*** Supplied information ***
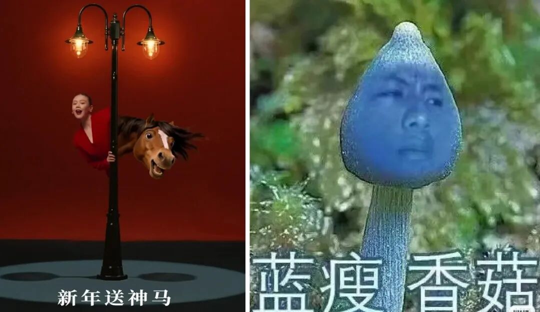 三匹马只是开胃菜,后面还有好多马和马思纯,感觉剪辑师在这里用了好多ctrl+C和ctrl+V。短短的动图就有“马年要红”“horse连连”等谐音梗。
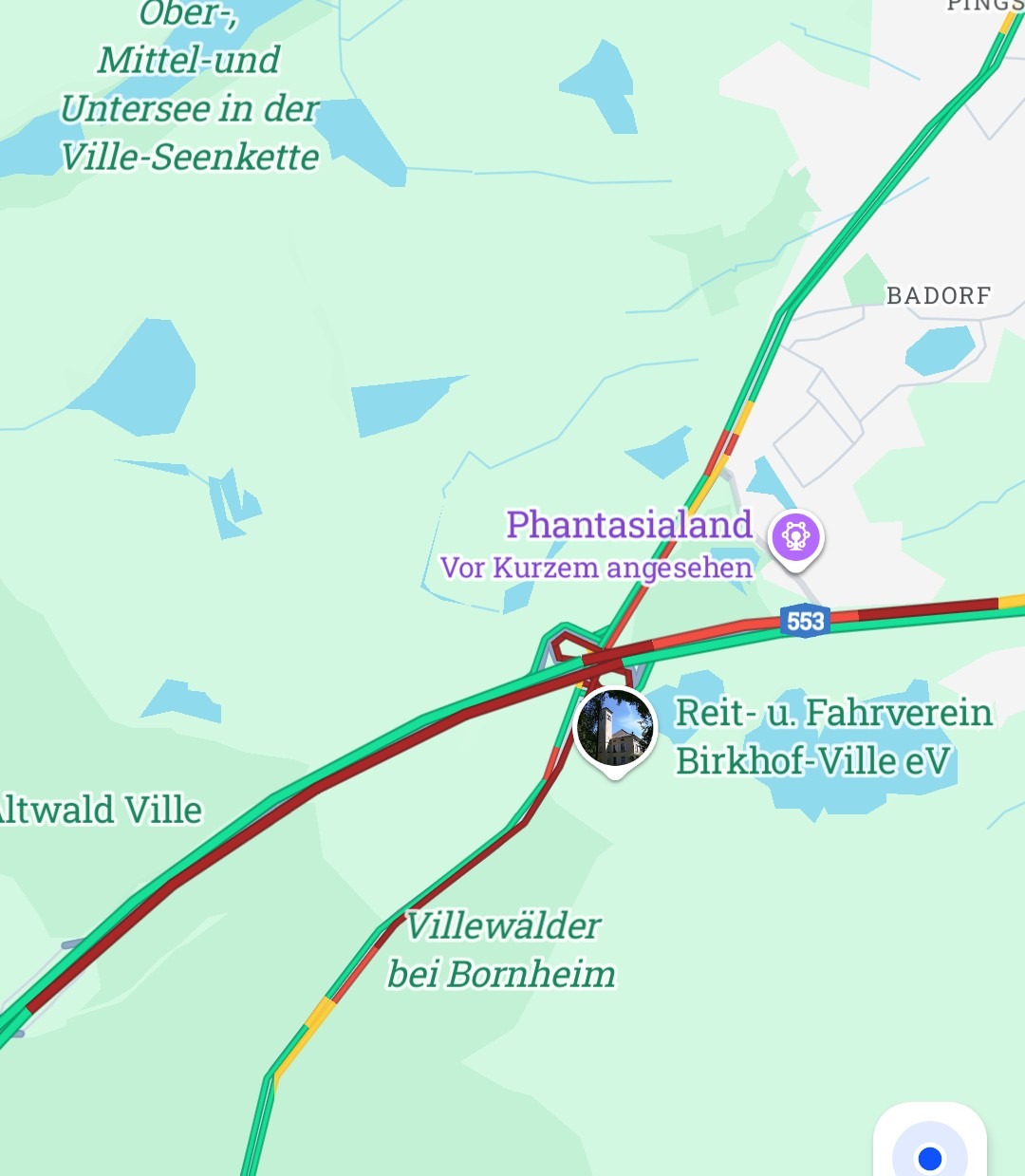 Ob die Ampel so sinnvoll für den Verkehrsfluss ist, kann man hinterfragen. Die Unfallgefahr ist zwar niedriger, aber jetzt staut es sich sogar auf der Phantasialand Straße - da wo vorher fließender Verkehr war. Wenn man den Verkehrsdaten von Google glauben darf, dann sind das etwa 20 Minuten Verzögerung.
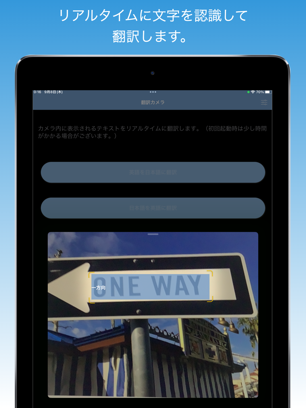 リアルタイムに文字を認識し翻訳してくれるアプリです。
*** End of Supplied information ***
Since the pictures are not wanted, give the material again exactly without them.

* Answer space:
 三匹马只是开胃菜,后面还有好多马和马思纯,感觉剪辑师在这里用了好多ctrl+C和ctrl+V。短短的动图就有“马年要红”“horse连连”等谐音梗。
 Ob die Ampel so sinnvoll für den Verkehrsfluss ist, kann man hinterfragen. Die Unfallgefahr ist zwar niedriger, aber jetzt staut es sich sogar auf der Phantasialand Straße - da wo vorher fließender Verkehr war. Wenn man den Verkehrsdaten von Google glauben darf, dann sind das etwa 20 Minuten Verzögerung.
 リアルタイムに文字を認識し翻訳してくれるアプリです。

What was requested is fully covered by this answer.